D’Agata’s explanation of his own tricks, in comparison, one town for another, one night for another most crucial, most memorable night of another family’s history, reads rather like a smart boy caught out. Why? Because anyone can pretend the eight card is a seven card. That’s easy. And while I often love the charisma of cheaters, after a while I don’t play with them anymore. Their stakes are simply not high enough.
I tell my students, when they are tempted to do this sort of thing, that I am so much more interested in their desire for the information to line up differently, than I am in making those facts line up. I am so interested in their wish that the world be tidy, or even that information be purely informational. Beyond that, I want to know more about what bedtime story, what ingrained narrative, makes them believe that humans believe in “story” playing out a certain way.

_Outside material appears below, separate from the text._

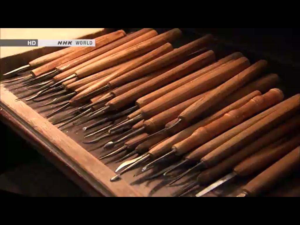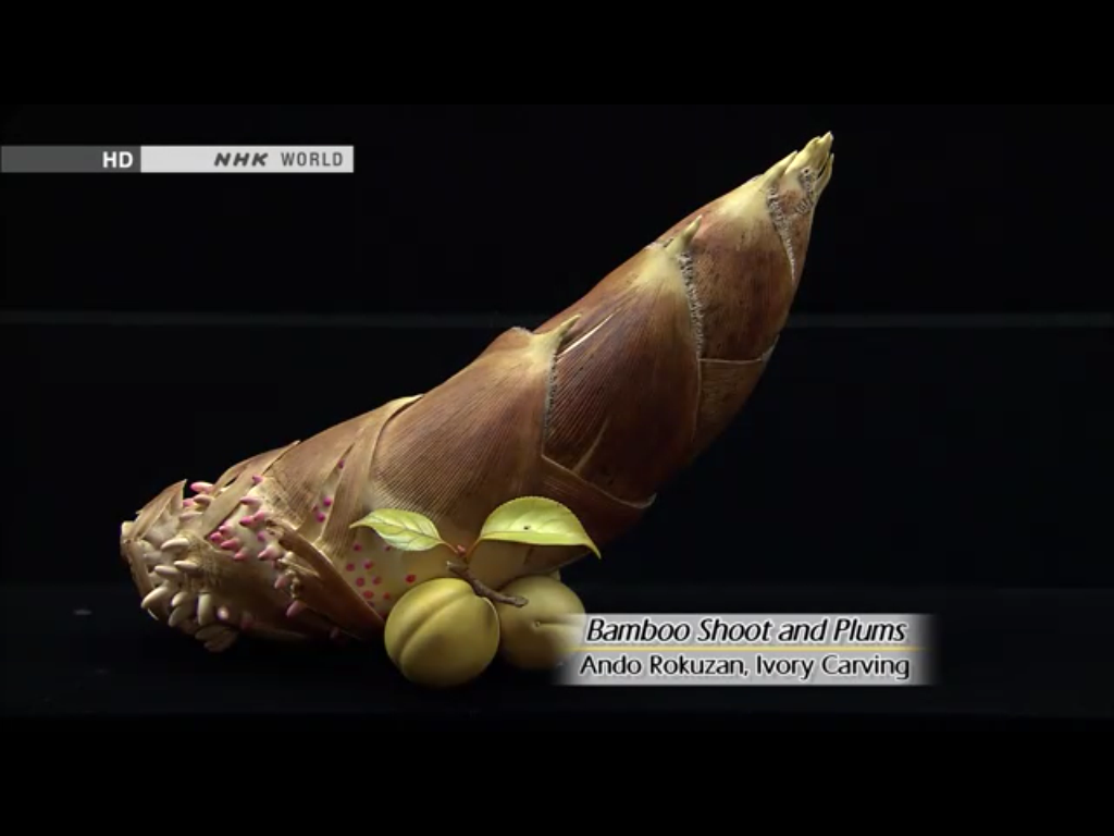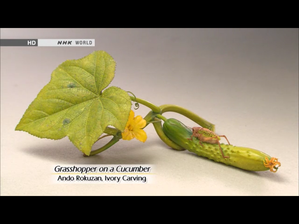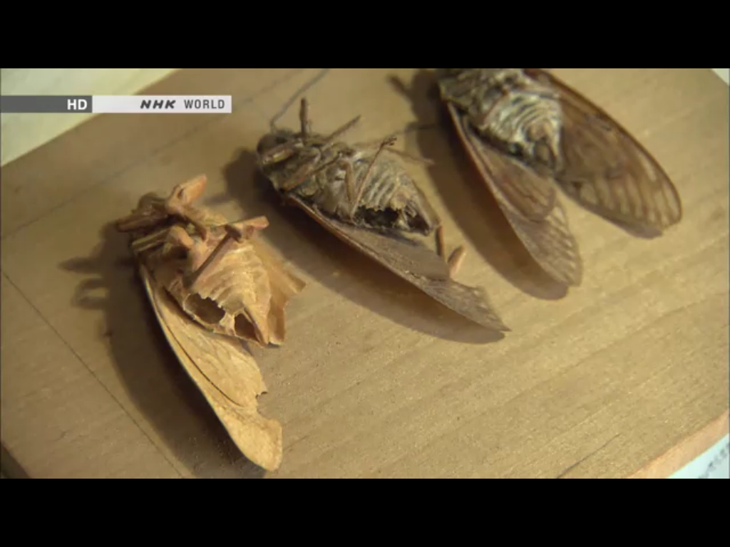 (This is a late post). I found and snapped these pictures from a documentary on NHK World’s website www.nhk.or.jp/nhkworld/. It started out with the incredible colored ivory carvings of artist Ando Rokuzan (1885-1955). I couldn’t find any of his artwork on-line .. probably because the texts for it are in Japanese. No detail was too tiny. They don’t know how he colored the ivory, and the tools that he used must have been ones he made himself. But then the curator of the art museum told the journalist of an artist called Fuyiki Maehara that lives nearby that makes wood carvings of real-life items : a tin can with an open lid and a branch with berries in it; a barbed wire; the shell of a dead cicada bug. He carved out the inside to make it hollow, carved out the detail on the wings, carved the legs of the insect — out of a single chunk of wood. He makes his tools with the same techniques that were used centuries ago to make samurai swords. Is it art, to make something that looks exactly like the thing for real? Why does the artist do it? asked the journalist. ‘I love doing it .. and to see if I could’, was the reply.

In truth, memory’s great betrayal, that it will not lie intact in wait for us, is lament enough to revisit in every generation. This is what I go to nonfiction for, the way we pick at the scab, poke our finger in the wound of memory’s fickle and existential transience, and the inconvenience of our desire to make things whole and right. I am not so interested in the prettiness of the red/black/red/black of solitaire as I am at the process of trying to marshall the cards against the odds into shape, the rush of happening to hold the cards the one time the percentages, with my full attention, can be made to go my way. If there were no odds, I would not care, or try.